I can’t add much to the article; it’s written well enough that you’ll figure out what it’s saying. But man, it’s weird stuff. I’ll be interested to see how his experiment turns out. Of course, if it works, he should be able to tell himself it worked by sending a message back to when he first started his experiment. So if it works, we’ll know sooner than we think!

November 15th, 2006 5:05 PM by Phil Plait in Cool stuff, Science, Time Sink | 41 comments | RSS feed | Trackback >

41 Responses to “emiT Time”

  1. 1.   John B. Sandlin Says:

    So does that mean that since he didn’t announce before starting the experiment that he’d got a message that it works, it doesn’t?

    jbs

  2. 2.   Mark Martin Says:

    I think it’s a perfectly legitimate experiment, but I also think it’s the sort of experiment I’d rather have completely finished before going public.

  3. 3.   BA Brother Says:

    Yeah, Phil! He wouldn’t even need to run the experiment because if it worked, he would know already! (A connundrum, because he couldn’t succeed if he never ran the experiment!)

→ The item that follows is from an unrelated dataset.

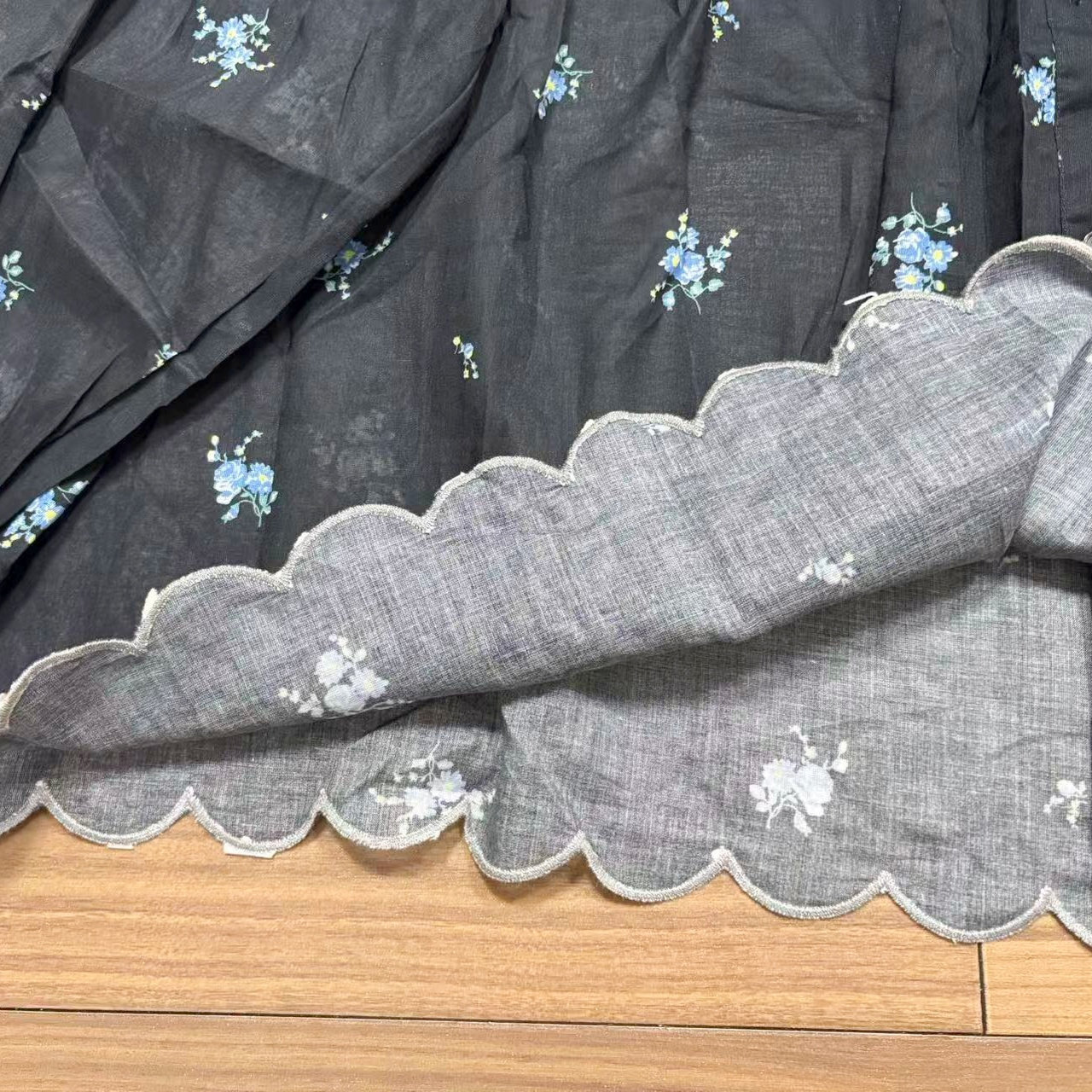 官网压褶波浪边碎花中长款防晒衣女2026春季新款纯棉圆领长袖衬衫

    Unless, of course, you adhere to the idea that there are an infinite number of realities, each peeling off from another every time there is a decision made. In that case, the reality line that we are in would think the experiment failed, but another would know it didn’t. What I mean is that, if he is successful, what he would really do is peal off another reality where he succeeded, but we (and he) would never know it.

    I have a headache!

  4. 4.   JustANuttaBackYahdah Says:

    Is this one of those “chicken and egg” things?
    Or better yet, choose one of the following:
    Deja Vu: that feeling like you’ve been there before
    Vuja De: that feeling like you should have never been ther in the first place

    Clear skies ;-)

  5. 5.   kingnor Says:

    ooo freak show. what if he receives a message “i did it!!” so he decides “eh.. been there done that” and just gives up . time paradox!

  6. 6.   The Bad Astronomer Says:

    No– the egg came first. We know that.

  7. 7.   Carey Says:

    So if I’ve got it right, the longer the fiber optic cable used to “trap” the second photon, the farther back in time you can send a message.

    Hmmm…

    I just got a phone call from someone sounding suspiciously like me who told me to invest in companies that make fiber optic cable.

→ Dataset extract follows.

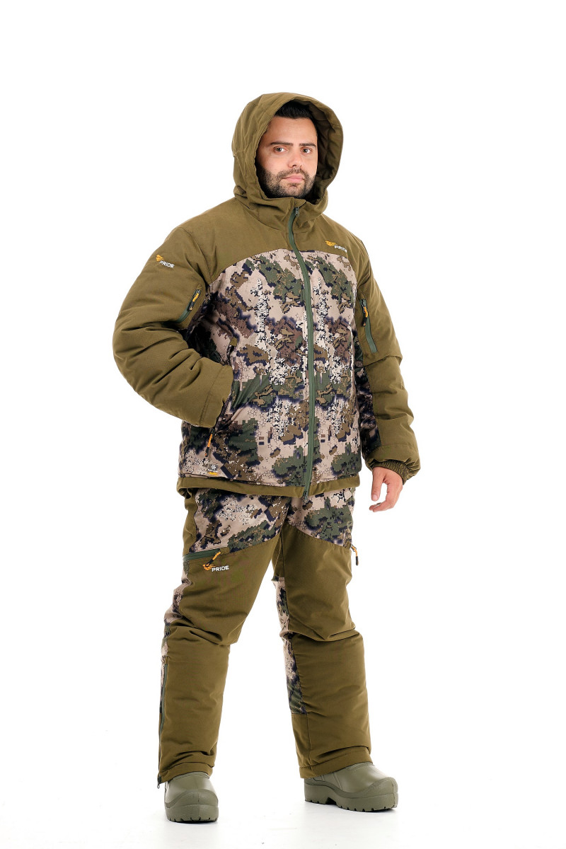 Зимний костюм «Кобра» (ТМ PRIDE) сконструирован специально для ходовой охоты. Комфортный температурный режим минус 20 градусов, температура экстрим минус 45 градусов. Для пошива этого костюма использовалась бесшумна ткань алова и специальные влагозащищенные нити COATS, препятствующие проникновению влаги в швах изделия. Все наружные молнии костюма влагозащищенные. Прямого кроя куртка застегивается на молнию с двумя бегунками, внутренней ветрозащитной планкой. Капюшон с небольшим козырьком не отстегивается, регулируется по овалу лица и по объему утопленными в специальные складки фиксаторами. Карманы утеплены вельбоа, молнии карманов в тон основной ткани.

  8. 8.   A Girl with a Dream Says:

    “The Bad Astronomer
    Says:

    November 15th, 2006 at 6:51 pm
    No– the egg came first. We know that.”

    That SHOULD be commen knowlege, doesn’t anyone ever read Do Fish Drink Water? anymore?!?

    Back on topic now, that sounds cool, it reminds me when scientists made water run uphill. If it does work that would be the coolist thing EVAR!!!

  9. 9.   Gary Ansorge Says:

    One of the consequences of relativity was the concept of the temporal worm hole, one in which one end was traveling at a velocity approaching C, the other fixed. It was reasoned that a space craft entering one end could theoreticall move BOTH forward and backward in time. Furthur analysis indicated the wormhole would likely collapse the moment a material body entered it, destroying the craft and destabilizing the wormhole. Some scientists thought that some kind of exotic matter might be able to keep the wormhole stable, but it was all supposition however, the very equations that implied the wormholes existence also imply that the past MUST continue to exist, in some sense/form, in order to maintain the integrity of the relativistic theory. So maby INFORMATION can travel both ways,,,

    It would be cool if he succeeds and after all, relativity HAS been right about everything else it predicted,,,

    Gary 7
    PS
    There’s really no paradox here, as the delayed entangled photon doesn’t even exist UNTIL the experiment is initiated, so the “later” photon can’t be “undone”.

  10. 10.   Ick of the East Says:

    Message received: “Save the cheerleader, save the world.”

    - Hiro!

  11. 11.   Troy Says:

    I’m imagining a cartoon here… scientist at telegraph gets a message from the future “it didn’t work”.

    An interesting experiment, science ususally progresses on experimental success, but experimental failure can sometimes be useful as we..

  12. 12.   Infophile Says:

    Taken from the article:

    Basically, the idea is that interacting, or entangled, subatomic particles such as two photons — the fundamental units of light — can affect each other no matter how far apart in time or space.

    “If you do a measurement on one, it has an immediate effect on the other even if they are separated by light years across the universe,” Cramer said. If one of the entangled photon’s trajectory tilts up, the other one, no matter how distant, will tilt down to compensate.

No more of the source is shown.